By Sally Voth -- email@example.com
The RSW Regional Jail Authority's threat of possible legal action against vocal jail protesters is a "garden-variety slapsuit" -- strategic lawsuit against public participation -- the head of the Virginia American Civil Liberties Union said Monday.
"There are lots of times when public officials don't like when public citizens speak up, and they try to sanction them," Virginia ACLU Executive Director Claire Gastañaga said in a phone interview.
On Thursday, the jail authority -- made up of government officials from Rappahannock, Shenandoah and Warren counties -- voted to have its attorney explore whether legal action can be taken against a group of Shenandoah County residents who succeeded in delaying the sale of $45.36 million in jail bonds by the Virginia Resource Authority.
When the bonds were sold June 7, the interest rate was 4 percent, up about .1 percent from the May 23 VRA pool sale. Ted Cole, of Davenport and Co. LLC, told authority members that increase will result in an additional $47,595 in annual debt service for the next 30 years.
The authority then voted 5-3 to have its counsel, at the suggestion of member Daniel J. Murray Jr., who is the Warren County North River District supervisor, "see if there's any legal action that can be taken [against] those responsible and hold them accountable for the waste of our money."
Anti-jail proponents bombarded VRA board members and staff with emails prior to the May bond sale, according to a memo from VRA program management director Peter D'Alema to RSW Regional Jail Authority Doug Stanley, who is the Warren County administrator. The memo says threats of legal action were made.
Shenandoah County Sheriff Timothy C. Carter -- a longtime critic of the jail project -- Rappahannock County Administrator John McCarthy and Rappahannock County Supervisor Roger Welch cast nay votes to Murray's motion.
Voting for it were Murray, Stanley, Warren County Sheriff Daniel McEathron, Shenandoah County Supervisors Chairman Conrad Helsley and Shenandoah County Administrator Doug Walker.
"I didn't think it was appropriate to support a resolution that in my opinion could lead to legal action against citizens of this county, who were exercising their dissent regarding a public issue or government business," Carter, who has proposed what he claims are cheaper alternatives, said in a Friday phone interview.
Gastañaga would seem to agree.
"The whole idea of this simply sounds ludicrous," she said.
She said slapsuits were lawsuits designed to censor, intimidate and silence critics by burdening them with litigation.
"Those are just fundamentally offensive to the First Amendment," said Gastañaga. "I think it's just one of those situations where we need to wait to see what's happened, and we will keep a close eye on it.

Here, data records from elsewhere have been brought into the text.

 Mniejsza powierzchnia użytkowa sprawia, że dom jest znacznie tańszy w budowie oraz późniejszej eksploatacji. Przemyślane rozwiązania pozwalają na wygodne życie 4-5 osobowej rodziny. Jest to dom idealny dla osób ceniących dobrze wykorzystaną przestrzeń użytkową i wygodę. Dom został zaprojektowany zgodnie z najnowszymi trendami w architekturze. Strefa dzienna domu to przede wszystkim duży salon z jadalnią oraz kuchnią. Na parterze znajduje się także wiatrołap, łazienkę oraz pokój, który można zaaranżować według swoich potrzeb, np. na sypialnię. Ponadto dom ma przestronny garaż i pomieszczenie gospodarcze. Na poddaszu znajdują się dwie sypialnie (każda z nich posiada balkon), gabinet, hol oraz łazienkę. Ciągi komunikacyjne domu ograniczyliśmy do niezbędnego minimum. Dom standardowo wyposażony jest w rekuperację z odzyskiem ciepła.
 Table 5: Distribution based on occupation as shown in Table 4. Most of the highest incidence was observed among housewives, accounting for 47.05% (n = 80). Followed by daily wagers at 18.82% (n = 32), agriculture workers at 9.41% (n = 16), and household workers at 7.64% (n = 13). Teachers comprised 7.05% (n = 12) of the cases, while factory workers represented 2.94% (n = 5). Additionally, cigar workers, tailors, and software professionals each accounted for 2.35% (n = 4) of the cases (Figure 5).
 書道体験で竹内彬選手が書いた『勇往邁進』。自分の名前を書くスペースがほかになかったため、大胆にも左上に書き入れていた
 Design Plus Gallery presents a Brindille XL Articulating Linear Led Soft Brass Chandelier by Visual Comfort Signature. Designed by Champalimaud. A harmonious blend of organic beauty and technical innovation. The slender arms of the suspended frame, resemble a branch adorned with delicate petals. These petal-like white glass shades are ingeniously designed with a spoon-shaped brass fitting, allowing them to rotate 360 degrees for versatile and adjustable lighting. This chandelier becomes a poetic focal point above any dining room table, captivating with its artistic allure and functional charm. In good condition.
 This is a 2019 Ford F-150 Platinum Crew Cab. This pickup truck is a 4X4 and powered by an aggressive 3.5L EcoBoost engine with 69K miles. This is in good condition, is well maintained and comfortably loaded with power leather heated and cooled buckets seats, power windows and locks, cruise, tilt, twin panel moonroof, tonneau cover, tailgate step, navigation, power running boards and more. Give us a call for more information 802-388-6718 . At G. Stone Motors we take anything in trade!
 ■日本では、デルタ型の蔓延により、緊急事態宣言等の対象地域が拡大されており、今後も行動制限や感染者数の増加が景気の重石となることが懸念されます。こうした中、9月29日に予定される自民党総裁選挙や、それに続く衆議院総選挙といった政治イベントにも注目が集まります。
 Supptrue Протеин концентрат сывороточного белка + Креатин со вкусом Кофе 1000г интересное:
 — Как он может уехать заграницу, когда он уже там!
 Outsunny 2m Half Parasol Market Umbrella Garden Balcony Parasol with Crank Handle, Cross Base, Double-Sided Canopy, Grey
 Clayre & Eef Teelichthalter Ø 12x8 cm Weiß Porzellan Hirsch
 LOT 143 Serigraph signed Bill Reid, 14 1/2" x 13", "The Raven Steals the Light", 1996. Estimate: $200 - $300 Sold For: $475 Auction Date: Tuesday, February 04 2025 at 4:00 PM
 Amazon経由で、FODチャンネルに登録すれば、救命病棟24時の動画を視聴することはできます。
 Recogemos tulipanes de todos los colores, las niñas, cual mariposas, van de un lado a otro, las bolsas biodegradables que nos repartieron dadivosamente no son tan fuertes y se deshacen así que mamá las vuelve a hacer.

One hopes that counsel for the authority and clear heads will prevail."
The resolution wasn't part of the authority's objective, Welch said Monday.
"I don't think those people intended to, I guess, cost us more money by having the date changes and everything resulting in the change in interest rate," he said.
Those protesting the jail are "just a small minority," Welch added.
McCarthy said he doubted there was much to gain by seeking legal recourse.
"We're a public body," he said Monday. "There's going to be public [dissent] that may act to the detriment [of] the mission, but that doesn't mean that there's much we can do about it. Looking into the possibility doesn't say that we would actually do anything about it anyway.
"I certainly understand the reason Mr. Murray made the motion he did. It's a hard pill to swallow."
In his prepared statement at last week's jail authority meeting, Murray said protestors had insinuated some public officials were on their side, and by not publicly denying such claims, those officials were "just as culpable as the others."
"My response is I don't control the behavior of the citizens," Carter said Friday. "I've been publicly opposed to this project since December of 2006 ... but, I can't control them using my name. The comments that I make are the comments that I make.
"I think people expect me to point out that there's another way to do this, there may be another way."
Shenandoah County supervisors had little to say on the issue.
"I'm not sure how I feel yet," District 1 Supervisor Dick Neese said Friday. "I guess probably it's not a bad idea to see if there's any [legal recourse]. I would be surprised if there was."
As for whether the action could impinge free speech, Neese said, "That's a touchy subject, one way or the other. It's kind of a gray area, I think."
When he was reached on Friday, District 5 Supervisor Dennis Morris said he didn't really know about the authority's action. He didn't have much further to say Monday.
"Right now, it's an authority issue," Morris said. "I haven't talked to anybody. It's not really a board issue at this time. It's not an issue that I need to get involved in right now. Our board hasn't discussed it."
District 2 Supervisor Steve Baker, District 3 Supervisor David Ferguson and District 4 Supervisor Sharon Baroncelli didn't return messages left Friday and Monday.